WHAT YOU SHOULD DO - Reproduce, exactly and only, the lines of the data that follows from the one containing "Nakon unosa osnovnih" down to the one containing "มีก้อนโยก พิงเอนได้ ขาอลูมิเนียม", without pictures.

ENTRIES PROVIDED -
——————

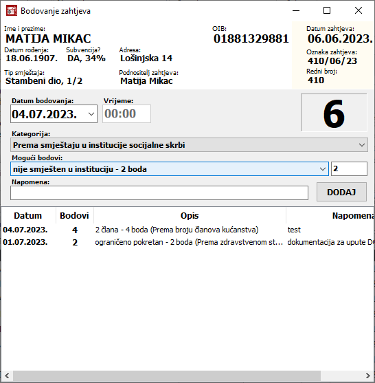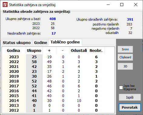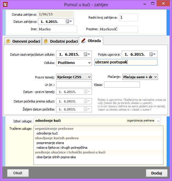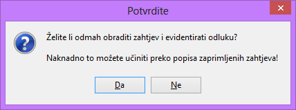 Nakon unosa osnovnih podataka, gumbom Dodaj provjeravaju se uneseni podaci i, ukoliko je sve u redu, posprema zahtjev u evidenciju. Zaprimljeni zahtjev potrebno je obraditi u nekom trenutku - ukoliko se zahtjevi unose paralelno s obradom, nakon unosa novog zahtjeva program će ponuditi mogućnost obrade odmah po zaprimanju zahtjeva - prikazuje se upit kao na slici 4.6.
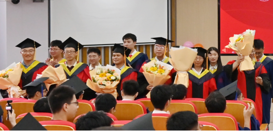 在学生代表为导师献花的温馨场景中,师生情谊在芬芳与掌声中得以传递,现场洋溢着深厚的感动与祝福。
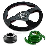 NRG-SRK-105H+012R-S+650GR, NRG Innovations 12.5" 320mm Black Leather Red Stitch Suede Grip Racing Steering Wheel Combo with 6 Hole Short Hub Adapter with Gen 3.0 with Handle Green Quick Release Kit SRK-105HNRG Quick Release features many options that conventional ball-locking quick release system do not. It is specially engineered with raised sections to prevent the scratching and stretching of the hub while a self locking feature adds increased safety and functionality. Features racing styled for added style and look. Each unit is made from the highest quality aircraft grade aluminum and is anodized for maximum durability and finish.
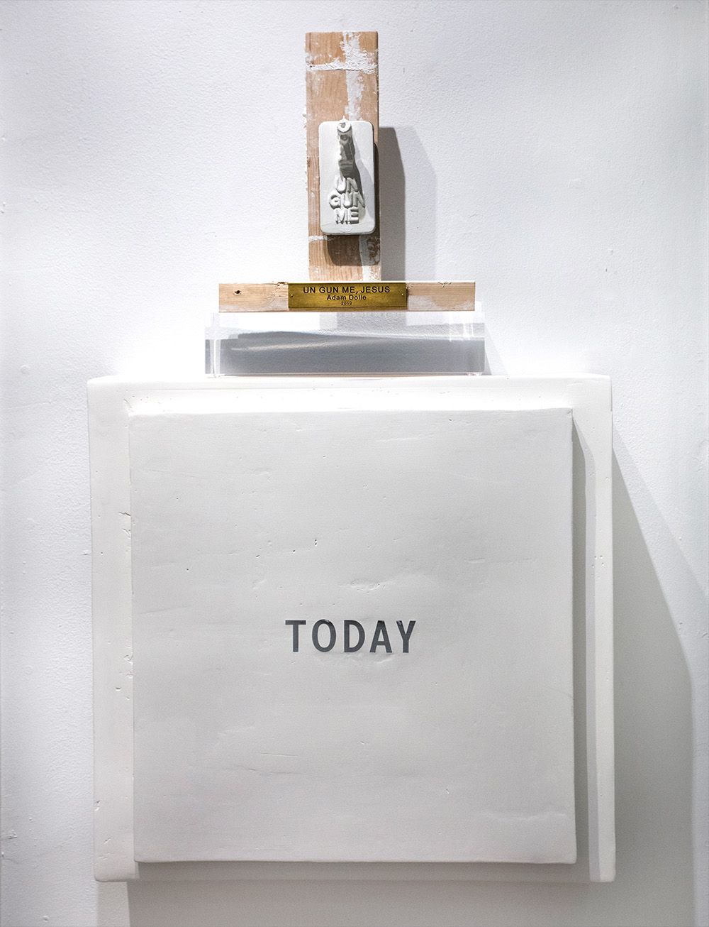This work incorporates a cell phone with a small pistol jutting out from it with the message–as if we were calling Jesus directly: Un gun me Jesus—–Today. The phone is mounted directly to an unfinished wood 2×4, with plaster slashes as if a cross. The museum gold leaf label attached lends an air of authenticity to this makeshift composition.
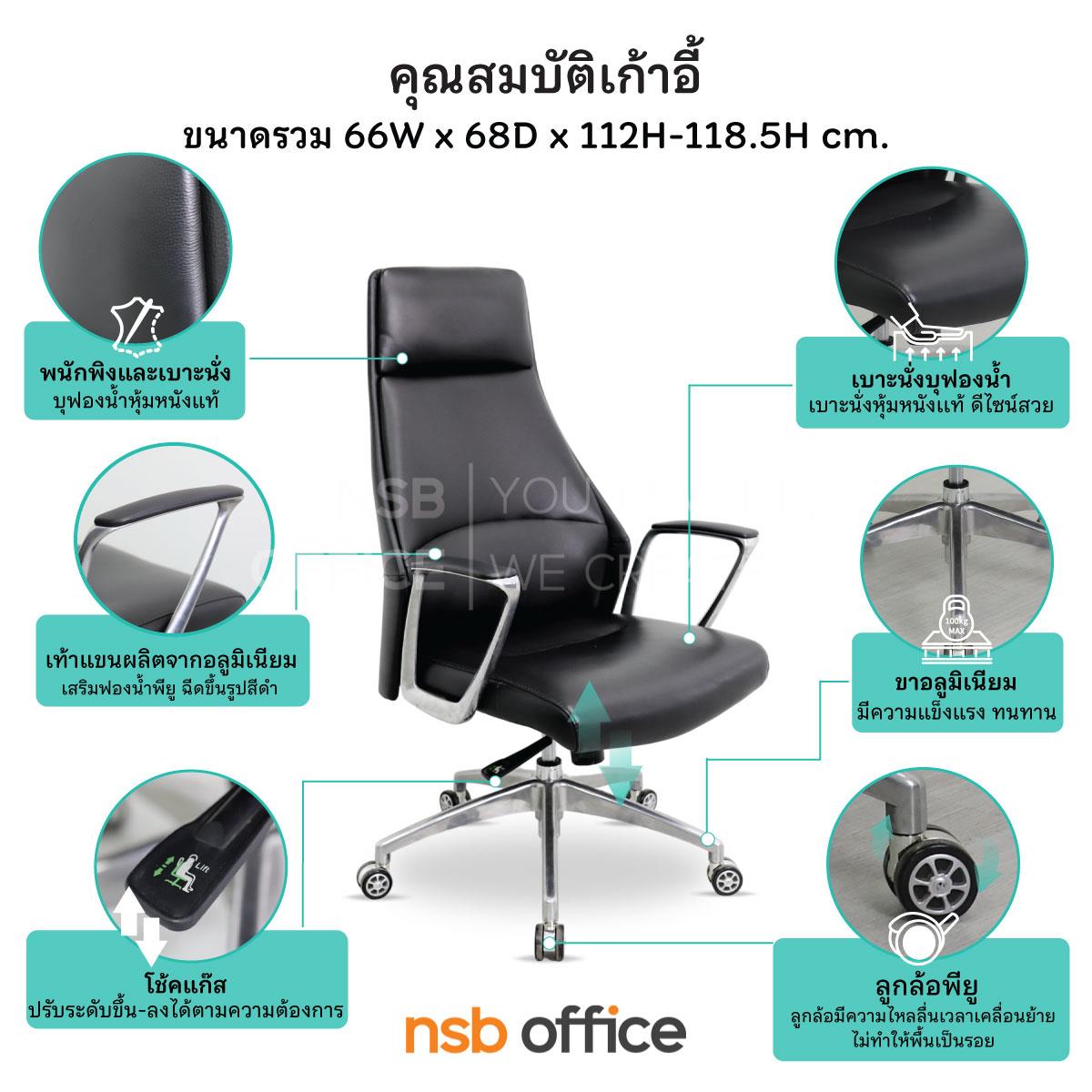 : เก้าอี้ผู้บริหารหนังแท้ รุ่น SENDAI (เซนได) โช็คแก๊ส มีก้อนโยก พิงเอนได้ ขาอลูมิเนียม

——————

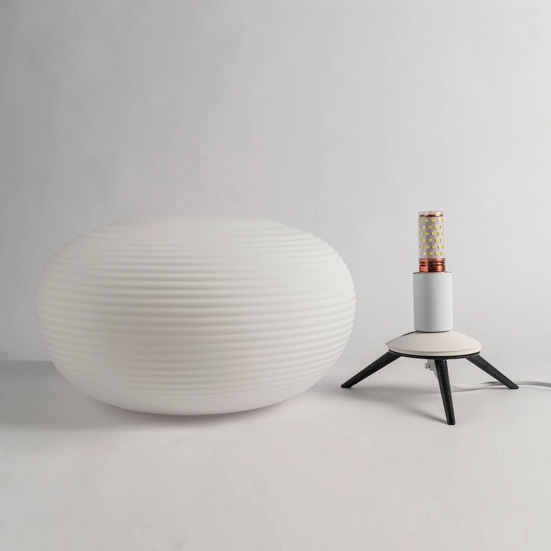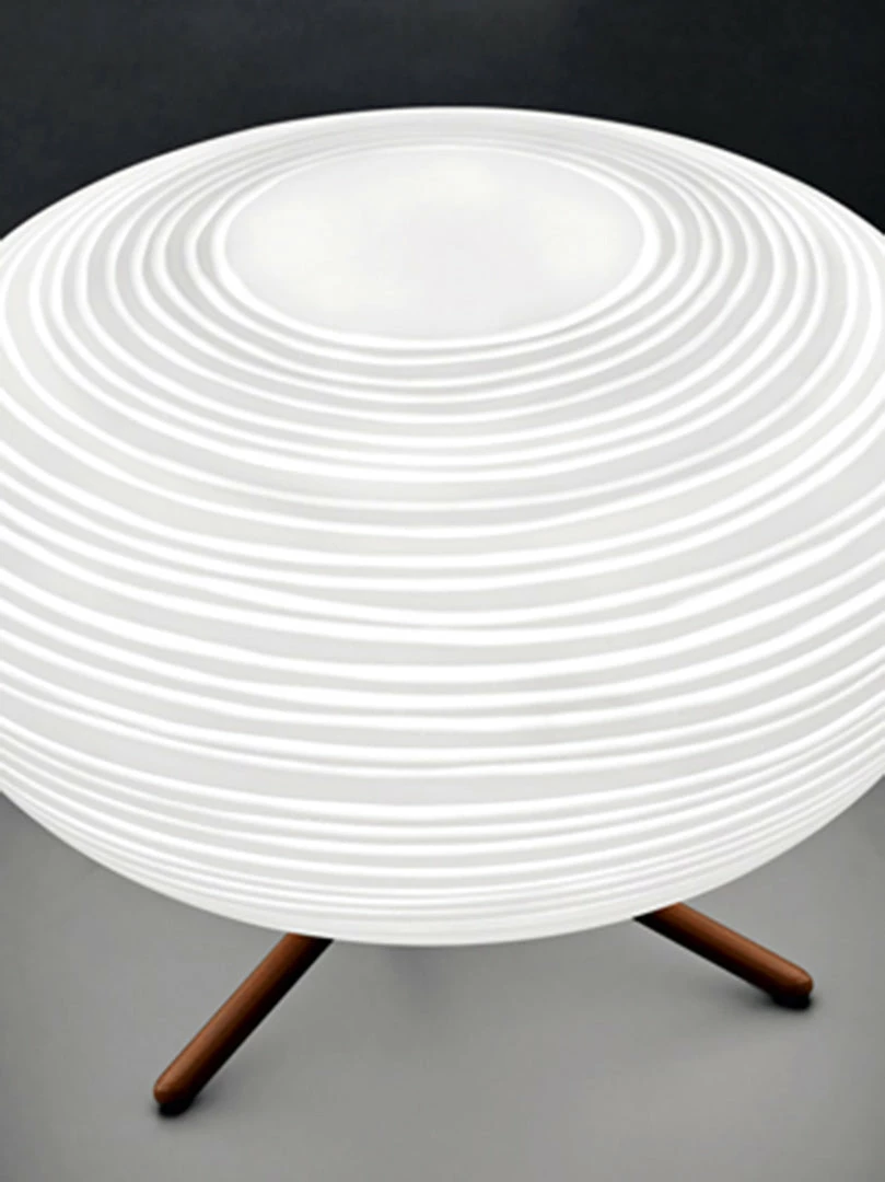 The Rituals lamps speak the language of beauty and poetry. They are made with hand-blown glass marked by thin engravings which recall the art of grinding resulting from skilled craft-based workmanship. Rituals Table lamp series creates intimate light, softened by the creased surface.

——————

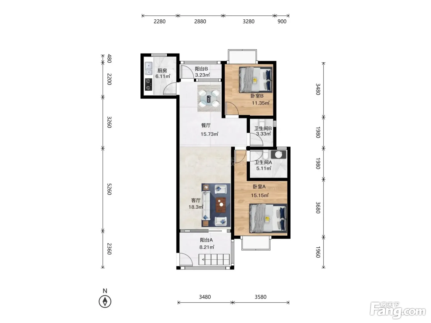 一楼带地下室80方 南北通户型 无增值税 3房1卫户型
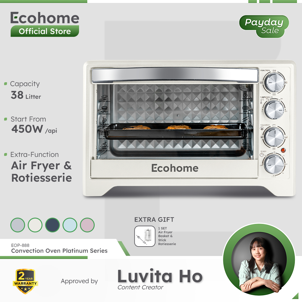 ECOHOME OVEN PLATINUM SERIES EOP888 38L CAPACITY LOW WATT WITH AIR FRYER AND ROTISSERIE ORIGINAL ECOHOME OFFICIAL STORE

——————

YOUR SOLUTION -
 Nakon unosa osnovnih podataka, gumbom Dodaj provjeravaju se uneseni podaci i, ukoliko je sve u redu, posprema zahtjev u evidenciju. Zaprimljeni zahtjev potrebno je obraditi u nekom trenutku - ukoliko se zahtjevi unose paralelno s obradom, nakon unosa novog zahtjeva program će ponuditi mogućnost obrade odmah po zaprimanju zahtjeva - prikazuje se upit kao na slici 4.6.
 在学生代表为导师献花的温馨场景中,师生情谊在芬芳与掌声中得以传递,现场洋溢着深厚的感动与祝福。
 NRG-SRK-105H+012R-S+650GR, NRG Innovations 12.5" 320mm Black Leather Red Stitch Suede Grip Racing Steering Wheel Combo with 6 Hole Short Hub Adapter with Gen 3.0 with Handle Green Quick Release Kit SRK-105HNRG Quick Release features many options that conventional ball-locking quick release system do not. It is specially engineered with raised sections to prevent the scratching and stretching of the hub while a self locking feature adds increased safety and functionality. Features racing styled for added style and look. Each unit is made from the highest quality aircraft grade aluminum and is anodized for maximum durability and finish.
This work incorporates a cell phone with a small pistol jutting out from it with the message–as if we were calling Jesus directly: Un gun me Jesus—–Today. The phone is mounted directly to an unfinished wood 2×4, with plaster slashes as if a cross. The museum gold leaf label attached lends an air of authenticity to this makeshift composition.
 : เก้าอี้ผู้บริหารหนังแท้ รุ่น SENDAI (เซนได) โช็คแก๊ส มีก้อนโยก พิงเอนได้ ขาอลูมิเนียม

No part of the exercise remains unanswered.